Kaz, buddy, I'm starting to think you have completely disassembled and reassembled your car...:yikes:


----------



## Cliff (Apr 19, 2002)

doeboy said:


> *Well maybe your modified suspension has something to do it. I'm still stock, so it's noticable to me.... :dunno: *


Most likely. The change is subtle but noticable on my otherwise stock suspension.


----------



## blkonblk330i (May 14, 2003)

Just like the last 3 posts, I also have stock and there definitely is a difference


----------



## Terry Kennedy (Sep 21, 2002)

*Late to the party and have some questions...*

I missed the group buy, but now I'm thinking about doing this anyway...

I've read the reports of the brackets not lining up on some cars - what are the odds of that being the case on my 2003 325xiT, and what should I do about it if I run into it?

Does the installation process have a chance of messing up my alignment? I've read "don't do this while the car is jacked up", but I've also read "don't even lean on the car and make sure it is on perfectly level ground".

Is there a kit for this or do I need to order all the individual parts? If it is the individual parts, I need everything on ETK diagram 51_4768, right?


----------



## Terry Kennedy (Sep 21, 2002)

*Re: Late to the party and have some questions...*










Anyone?


----------



## GimpyMcFarlan (Aug 13, 2002)

Terry,
I think most of us didn't have any problems with the alignment of the brackets. I would have no idea what the "odds" of you having this problem. Most dealers will allow you to return parts within a reasonable period of time if they don't fit.

I don't think you'll run into alignment problems. Just be careful around the car while installing it.
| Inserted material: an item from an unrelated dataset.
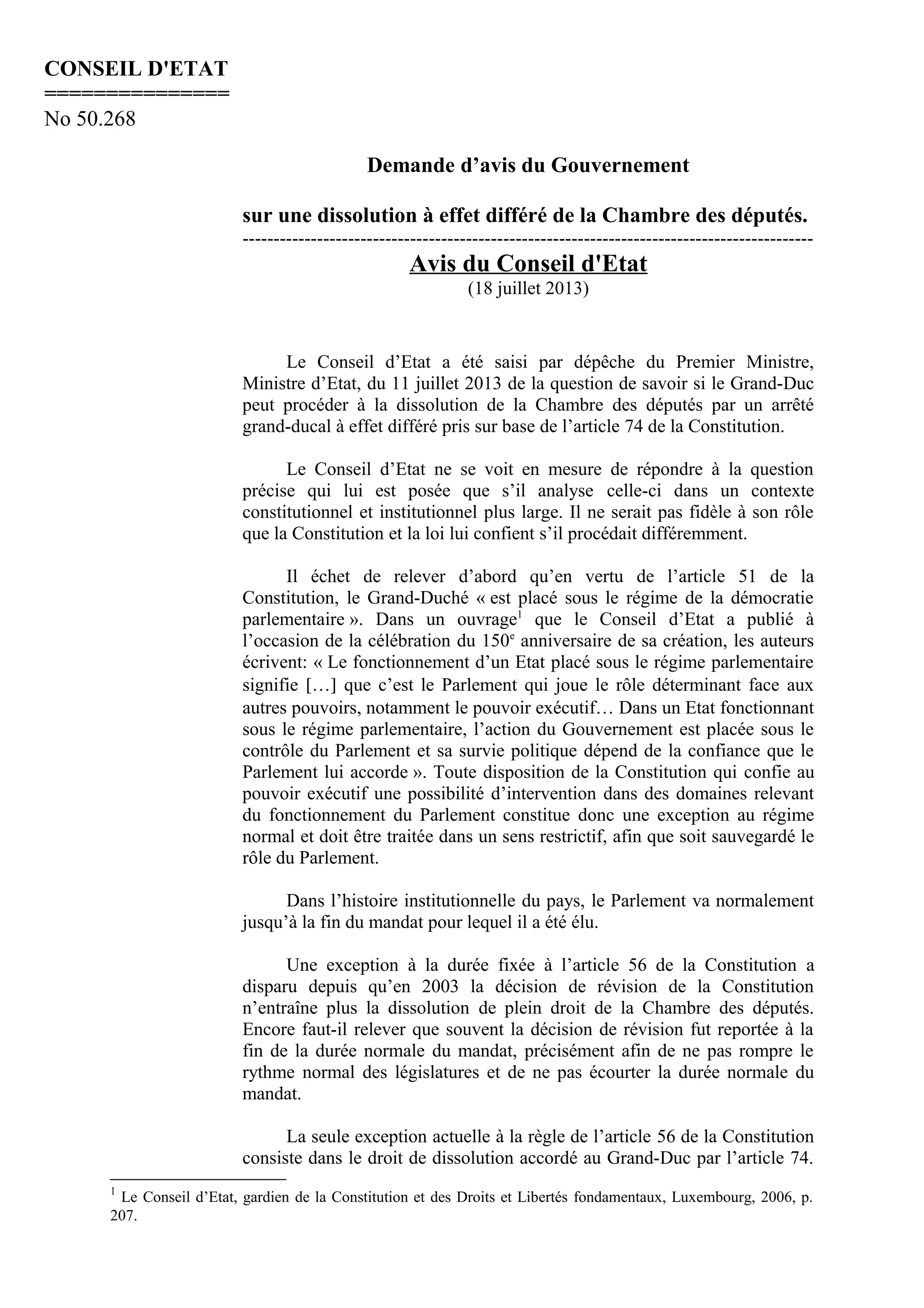 Le Conseil d'État a été saisi d'une demande d'avis sur la possibilité pour le Grand-Duc de dissoudre la Chambre des Députés par un arrêté grand-ducal à effet différé, cette dissolution étant considérée comme un instrument extraordinaire pour résoudre un conflit majeur entre la Chambre et le gouvernement. L'avis souligne l'importance de l'équilibre des pouvoirs dans un régime parlementaire et précise que la dissolution ne peut être décidée sans un conflit patent et doit répondre à un besoin fonctionnel plutôt qu'à une volonté opportuniste. En l'occurrence, les événements récents à la Chambre ne démontrent pas indiscutablement l'existence d'un conflit grave et irréversible, rendant ainsi la réponse du Conseil d'État complexe.

Common sense stuff... Don't move the car / lean against it / bump into it / get in & out / etc while you have the strut nuts off. I installed mine in the parking lot of my apartment complex.

I've never heard of a kit or package for this. The part numbers listed are a comprehensive list of the parts you'll need.


----------



## Kaz (Dec 21, 2001)

*Re: Re: Late to the party and have some questions...*



Terry Kennedy said:


> *
> 
> 
> 
> ...


The PNs are in the original GB thread.


----------



## alee (Dec 19, 2001)

*Re: Re: Late to the party and have some questions...*



Terry Kennedy said:


> *
> 
> 
> 
> ...


http://www.bimmerfest.com/forums/showthread.php?s=&threadid=29830

If you want, you can try and contact Tony Cota at Cutter and see if he might be able to squeeze you in at the Group Buy rate ($275) :dunno:


----------



## BigRain (Sep 30, 2002)

Guys,

I still don't know how tight should I nail the nuts down on the transverse bar? I've tighten it PRETTY TIGHT by arm force.. but I know I can do more if I keep on cranking at it. Anybody?


----------



## GimpyMcFarlan (Aug 13, 2002)

BigRain said:


> Guys,
> I still don't know how tight should I nail the nuts down on the transverse bar? I've tighten it PRETTY TIGHT by arm force.. but I know I can do more if I keep on cranking at it. Anybody?
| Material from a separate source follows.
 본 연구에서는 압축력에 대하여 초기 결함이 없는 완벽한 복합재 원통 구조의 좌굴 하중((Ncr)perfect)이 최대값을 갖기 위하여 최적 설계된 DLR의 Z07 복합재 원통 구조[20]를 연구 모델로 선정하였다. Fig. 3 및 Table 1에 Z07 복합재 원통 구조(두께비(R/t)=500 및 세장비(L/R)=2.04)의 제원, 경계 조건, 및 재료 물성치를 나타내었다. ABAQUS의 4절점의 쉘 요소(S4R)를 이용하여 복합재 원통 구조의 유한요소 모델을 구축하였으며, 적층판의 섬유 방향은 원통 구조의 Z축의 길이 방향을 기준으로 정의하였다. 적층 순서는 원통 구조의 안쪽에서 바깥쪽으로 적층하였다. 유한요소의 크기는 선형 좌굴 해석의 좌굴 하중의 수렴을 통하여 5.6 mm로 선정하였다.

I torqued the nuts on the strut tower to 20lbs and the nuts on the crossbar to 25lbs. In these threads, I've seen that the torque ranges should be anywhere between 18-25lbs.


----------



## BigRain (Sep 30, 2002)

GimpyMcFarlan said:


> I torqued the nuts on the strut tower to 20lbs and the nuts on the crossbar to 25lbs. In these threads, I've seen that the torque ranges should be anywhere between 18-25lbs.


Thanks Gimpy,

I'm darn sure I've tightened it over 25lb/ft or torque. I guess I'll just leave it as is then. I don't see how overtighten the transverse bar part of the nuts will harm the setup. But I did leave the nuts at the two strut towers similar setting as the original nuts.


----------



## denhugh (Mar 23, 2002)

*strut brace install*

 Thanks for the tip for removing the jumper connection. I must say, the strut bar was a very easy installation. All the parts came from Cutter and it went smoothly. No problems with misalignment or anything. It makes me wonder a little about those of you who experienced problems... :smokin:


----------



## Rich_Jenkins (Jul 12, 2003)

Forgive the thread resurrection, but wanted to bump a thread for the OEM M3 install and this seemed like the best one.
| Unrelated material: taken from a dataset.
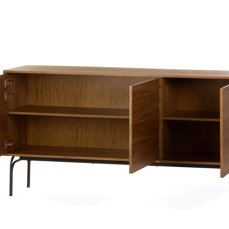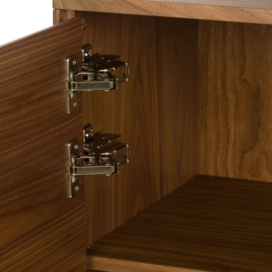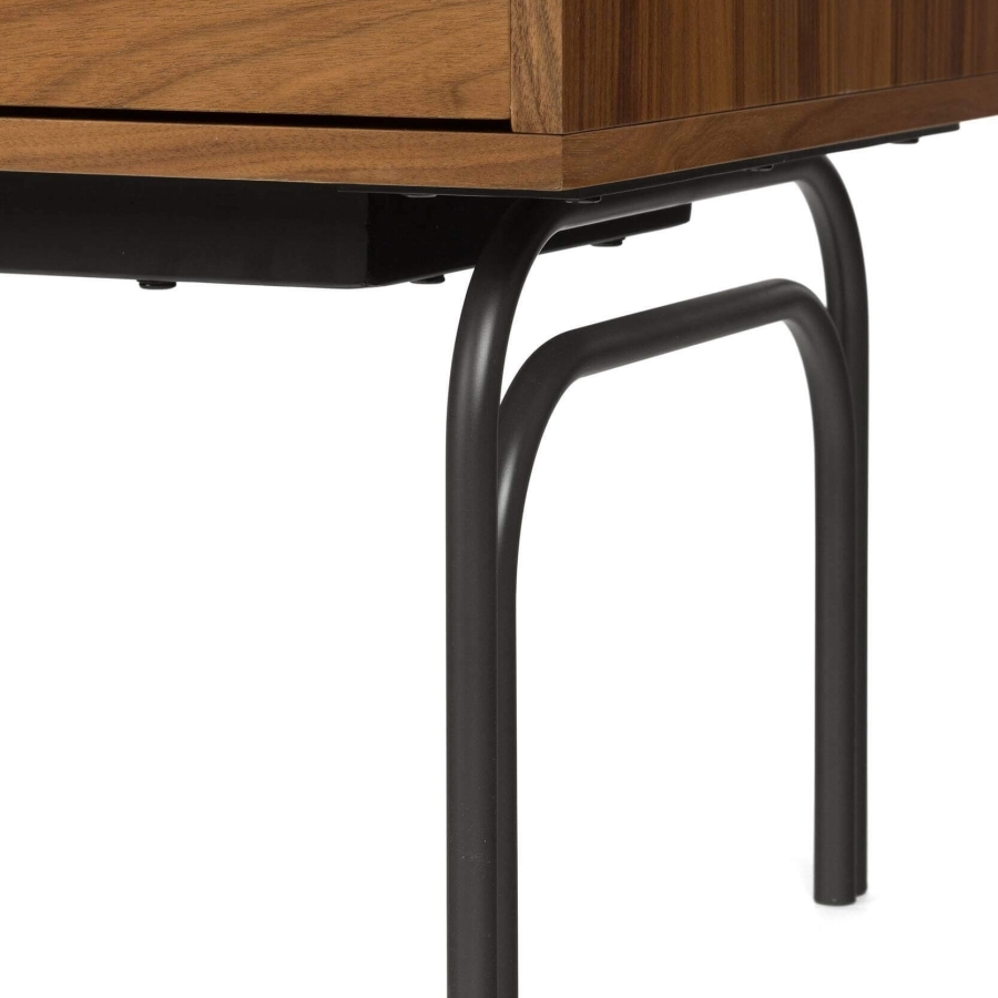 Для создания комода дизайнеры выбрали прочные современные материалы, которые придают изделию высокую износостойкость и долгий срок службы. Каркас создан из надежного и экологичного МДФ, покрытого ореховым шпоном. Ножки изготавливаются из стали.

Took about 15 minutes this morning and installed a used one I purchased off the 'fest (thanks R! :thumbup: ).

Some minor points to add:

- The left hand electrical box clip - You "raise" the "outer" end of the firewall side of the plastic shroud - this raises it up out and over the channel securing the "clip" so you can just push it though. If you are ham-fisted like me this might not be apparent at first.

- The nuts I used (bought OEM - $6.00 with BMW CCA discount at local dealer) seemed to have the blue loctite residue on them after the install. Otherwise they spun on then I just eased them over the shoulder of the bracket and down snug with a standard ratchett, then used my torque wrench to get the 20-22 ft lb on each. 

Will take it out later on and see if there is any noticeable difference. My son's comment when he helped me put it on was "but dad, where's the bling? You can't see it with the hood closed you know." :eeps: :rofl:


----------